### [How to complete this task]
Would you write out the lines below exactly, from the one containing "报告中,李书明教授围绕天然产" to the very last, but without the pictures?

### [Recorded information]
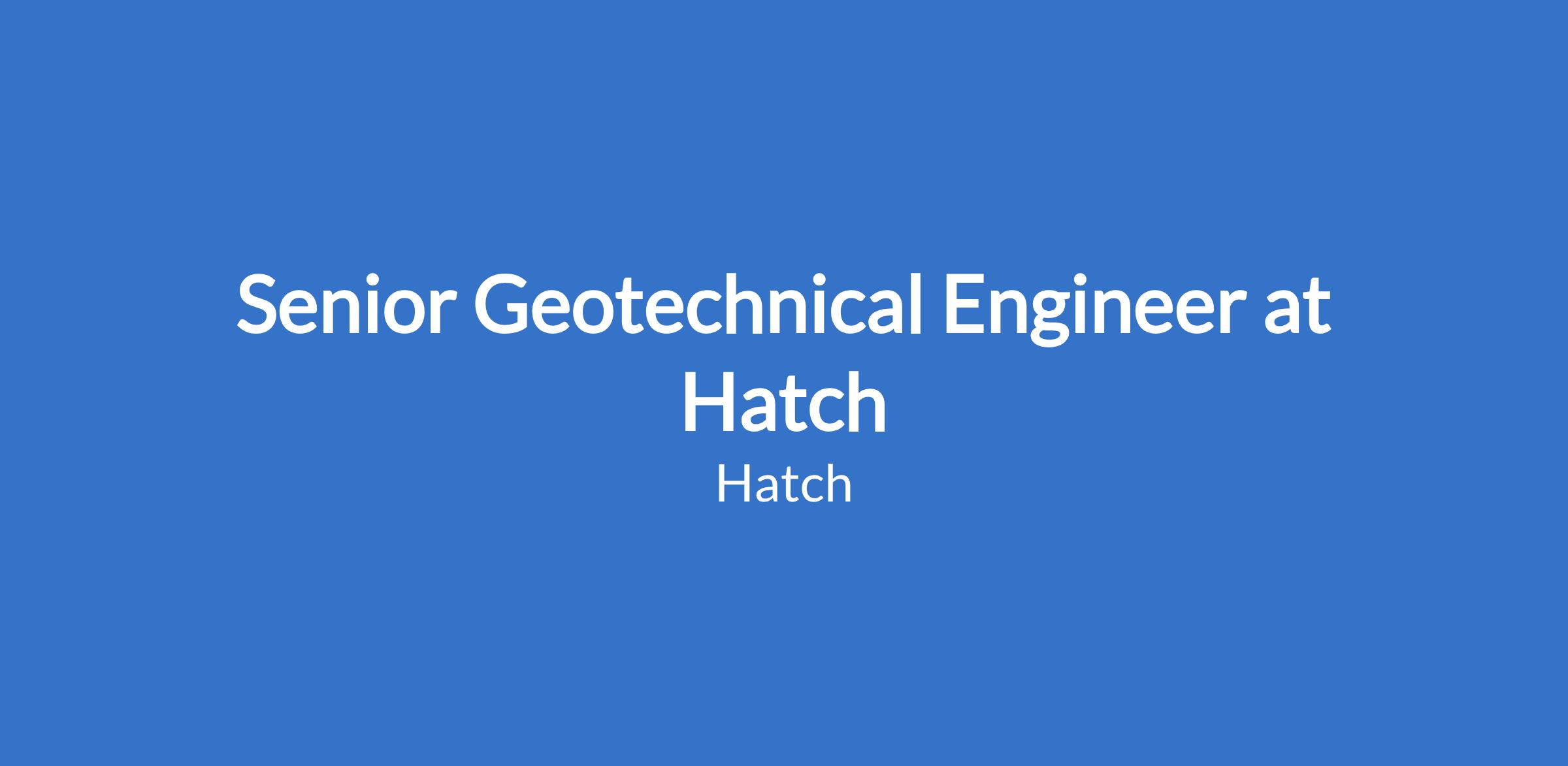 Senior Geotechnical Engineer at Hatch
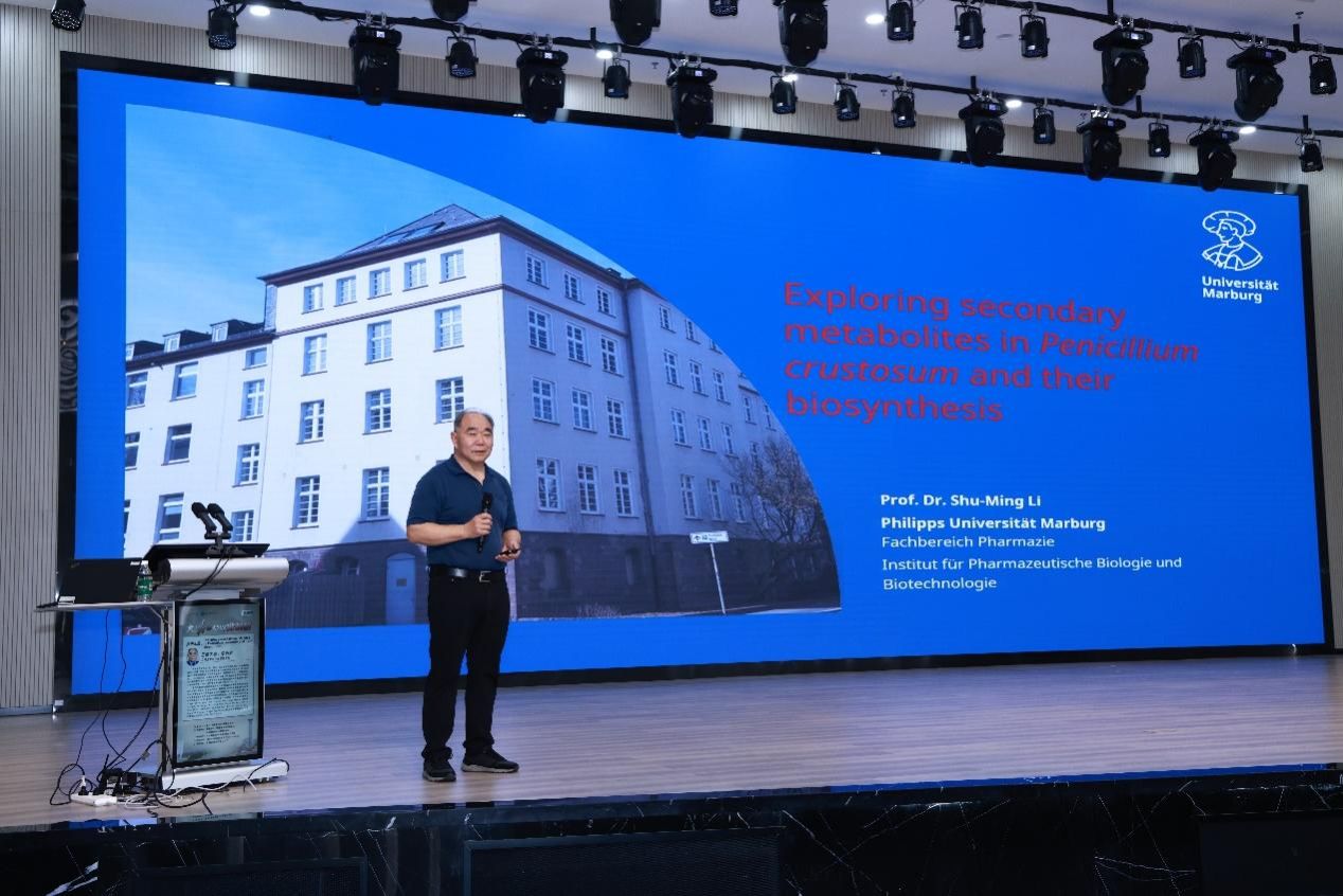 报告中,李书明教授围绕天然产物次生代谢产物生物合成的研究思路与实验方法进行系统分享。他指出,天然产物在抗肿瘤、抗感染药物研发中具有重要价值,当前新天然产物挖掘的核心瓶颈在于“实验室条件下微生物多数次生代谢相关基因呈沉默或低表达状态”,可被检测与利用的产物十分有限。他以南极海洋来源的Penicillium crustosum为研究范例,详细介绍了融合培养条件优化、调控因子激活、基因组挖掘等新技术与13C同位素标记等传统方法的综合研究策略。团队通过解析该菌株的次生代谢途径,发现了非酶催化反应介导立体构型转变的关键机制;通过激活菌株沉默基因簇并结合成熟宿主系统进行异源表达,成功发掘出多个具有重要研究价值的代谢产物。依托基因敲除、生化验证等多种实验手段,团队不仅完整阐明了目标化合物的生物合成途径,还揭示了一系列关键合成酶的催化机制。该技术体系还可广泛用于真菌代谢产物的深度机制研究。
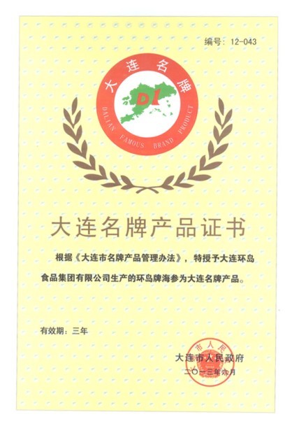 慶祝環(huán)島牌海參被大連市人民政府授權為“大連名牌產(chǎn)品”
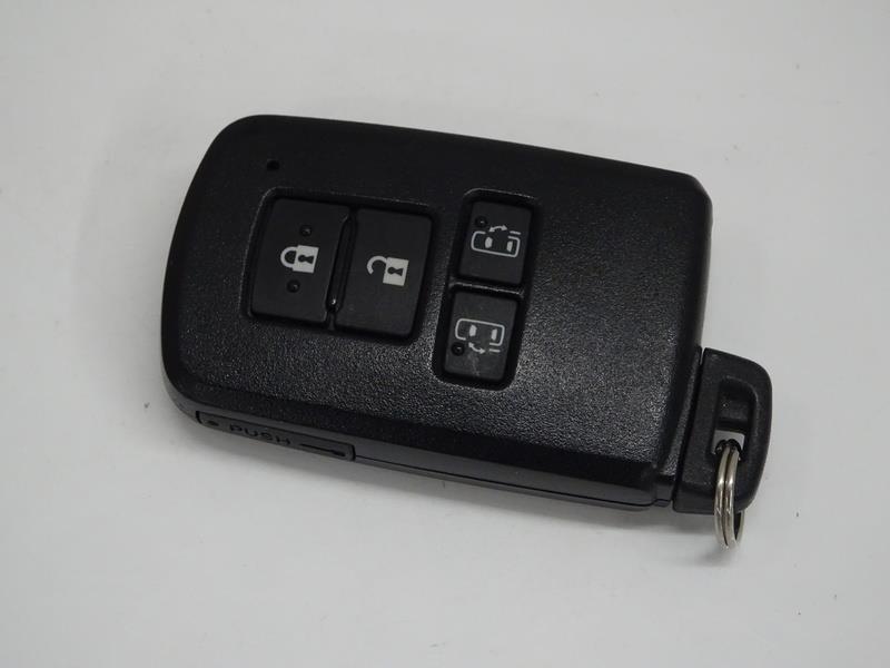 スマートキー。これを持っているだけで、ドアロックの開閉、スライドドアの開閉、エンジン始動がワンタッチ。

### [Answer to this exercise]
 报告中,李书明教授围绕天然产物次生代谢产物生物合成的研究思路与实验方法进行系统分享。他指出,天然产物在抗肿瘤、抗感染药物研发中具有重要价值,当前新天然产物挖掘的核心瓶颈在于“实验室条件下微生物多数次生代谢相关基因呈沉默或低表达状态”,可被检测与利用的产物十分有限。他以南极海洋来源的Penicillium crustosum为研究范例,详细介绍了融合培养条件优化、调控因子激活、基因组挖掘等新技术与13C同位素标记等传统方法的综合研究策略。团队通过解析该菌株的次生代谢途径,发现了非酶催化反应介导立体构型转变的关键机制;通过激活菌株沉默基因簇并结合成熟宿主系统进行异源表达,成功发掘出多个具有重要研究价值的代谢产物。依托基因敲除、生化验证等多种实验手段,团队不仅完整阐明了目标化合物的生物合成途径,还揭示了一系列关键合成酶的催化机制。该技术体系还可广泛用于真菌代谢产物的深度机制研究。
 慶祝環(huán)島牌海參被大連市人民政府授權為“大連名牌產(chǎn)品”
 スマートキー。これを持っているだけで、ドアロックの開閉、スライドドアの開閉、エンジン始動がワンタッチ。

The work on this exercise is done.